Аркадий, широкоплечий – подрясник по швам трещит, голова в крупных кольцах смоляных волос, отца Андрея помладше едва ли не на двадцать лет, кивал согласно, норовил в агитацию свои слова вставить.
Не проняли посулы старшего Введенского – посыпались угрозы. И тогда отец Андрей вспылил…
– Вот что! – нарушил тишину пожилой вислоусый «огепеушник» и тяжелыми шагами, заложив руки за спину, стал вымерять горенку. – С сегодняшнего дня храм закрывается, помещение передается горсовету под склад. Постановление…
Он протянул руку, и председатель, услужливо согнувшись, подсунул ему лист бумаги.
– Ознакомься… По просьбам трудящихся.
– Завтра же престольный праздник! – глянул на него с недоумением отец Андрей. – Со всей округи народ придет!
– Придет да уйдет! – усмехнулся «огепеушник». – Отменяется ваш праздник! А ты, батя, сбирай-ка по-шустрому монатки, с нами прокатишься.
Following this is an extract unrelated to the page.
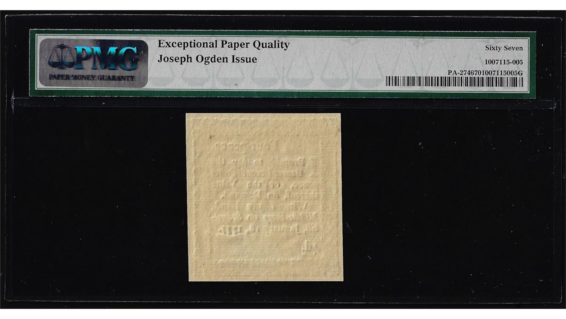 One January 18, 1777 Pennsylvania 4 Pence Colonial Currency Note PMG Superb Gem Unc. 67EPQ. PMG Certified.
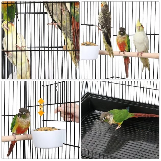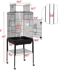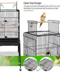 - Spacious bird cage features an interactive play top that can be propped open with the included perch or securely closed to keep birds safely in.

Попрощаться с домочадцами не дали. На улице в скорых зимних сумерках у распахнутых настежь ворот церковной ограды таился крытый возок, запряженный тройкой сытых ухоженных лошадей. Отец Андрей шагнул было к тропинке, ведущей к поповскому дому, но за спиной батюшки вислоусый, воровато озираясь, подмигнул напарникам. Один вместе с ним подхватил священника под локти, а другой, молодой, шмыгнув за ворота, что есть силы толкнул от себя кованую створку.
Отец Андрей вдруг почувствовал что не достает ногами земли, единственное, что еще он успел сделать – запрокинул назад голову, оберегаясь от летящих навстречу чугунных гране причудливых узоров калитки. В глазах ослепительно-ярко рассыпалось что-то круглое, похожее на солнце, растеклось кровавым маревом и схлынуло разом в черную пустоту…
Удар был сильным: крепкие мужики, приподнявшие и выставившие перед собой священника наподобие щита, еле устояли на ногах.
– Здоров ты, Ежкин – Стежкин! – похвалил юнца вислоусый. – Давай-ко попа в сани! Пригоним – и в ледник его! Очухается, подморозит там муде, на все согласен будет.
– Праздничку-то, ить, точно не бывать! – хмыкнул юнец. – Занемог батюшка-то.
– А-а! – вислоусый, довольный, хлопнул парня по плечу. – Погнали!
Отъехали немного, и кто-то увидел метавшуюся в проеме ворот фигуру в раздуваемой ветром колоколом рясе.
– Братец не видал, как мы его?
– А и видал дак… Наш ведь человек, – усмехнулся вислоусый и лениво зевнул…
Отца Андрея разбудил, вывел из забытья нестерпимый, поднимающийся снизу по ногам холод. Он тысячами игл впивался в кожу, ранил ее, ломил изведенные ревматизмом суставы, но, подобравшись к грудине, споткнулся словно и надавил жгучей, не позволяющей глубоко вздохнуть болью.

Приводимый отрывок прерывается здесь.